Record set:

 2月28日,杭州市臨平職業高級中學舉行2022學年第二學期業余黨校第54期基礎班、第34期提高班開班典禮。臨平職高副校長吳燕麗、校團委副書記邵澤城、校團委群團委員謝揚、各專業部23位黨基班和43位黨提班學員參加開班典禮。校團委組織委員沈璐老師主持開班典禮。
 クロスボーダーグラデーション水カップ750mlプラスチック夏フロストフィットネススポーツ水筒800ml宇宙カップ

==

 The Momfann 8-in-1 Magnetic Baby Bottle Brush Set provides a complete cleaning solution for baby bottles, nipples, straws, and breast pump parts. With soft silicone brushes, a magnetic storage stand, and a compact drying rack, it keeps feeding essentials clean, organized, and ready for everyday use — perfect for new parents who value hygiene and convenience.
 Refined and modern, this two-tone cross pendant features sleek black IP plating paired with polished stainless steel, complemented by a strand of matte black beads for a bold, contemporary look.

...

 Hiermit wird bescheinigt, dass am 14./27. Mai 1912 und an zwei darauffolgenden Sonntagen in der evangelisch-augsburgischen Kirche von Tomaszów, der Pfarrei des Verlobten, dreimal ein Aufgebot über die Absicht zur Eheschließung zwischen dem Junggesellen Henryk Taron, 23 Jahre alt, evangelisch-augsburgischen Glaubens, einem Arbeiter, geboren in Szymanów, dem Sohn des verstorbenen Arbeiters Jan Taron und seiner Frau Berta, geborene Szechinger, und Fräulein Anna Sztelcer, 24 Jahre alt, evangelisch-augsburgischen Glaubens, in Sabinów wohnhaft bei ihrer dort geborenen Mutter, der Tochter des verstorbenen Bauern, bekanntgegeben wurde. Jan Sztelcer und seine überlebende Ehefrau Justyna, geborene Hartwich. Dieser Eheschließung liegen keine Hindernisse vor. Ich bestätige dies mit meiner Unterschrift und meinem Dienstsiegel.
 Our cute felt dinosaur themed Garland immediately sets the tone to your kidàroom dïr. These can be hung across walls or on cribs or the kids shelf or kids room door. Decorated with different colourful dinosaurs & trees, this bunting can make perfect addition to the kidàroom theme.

Your assignment: Among the entries above, find the line with "2月28日,杭州市臨平職業高" and the line with "クロスボーダーグラデーション"; give again exactly these two lines and all lines between them.

Exercise solution:
 2月28日,杭州市臨平職業高級中學舉行2022學年第二學期業余黨校第54期基礎班、第34期提高班開班典禮。臨平職高副校長吳燕麗、校團委副書記邵澤城、校團委群團委員謝揚、各專業部23位黨基班和43位黨提班學員參加開班典禮。校團委組織委員沈璐老師主持開班典禮。
 クロスボーダーグラデーション水カップ750mlプラスチック夏フロストフィットネススポーツ水筒800ml宇宙カップ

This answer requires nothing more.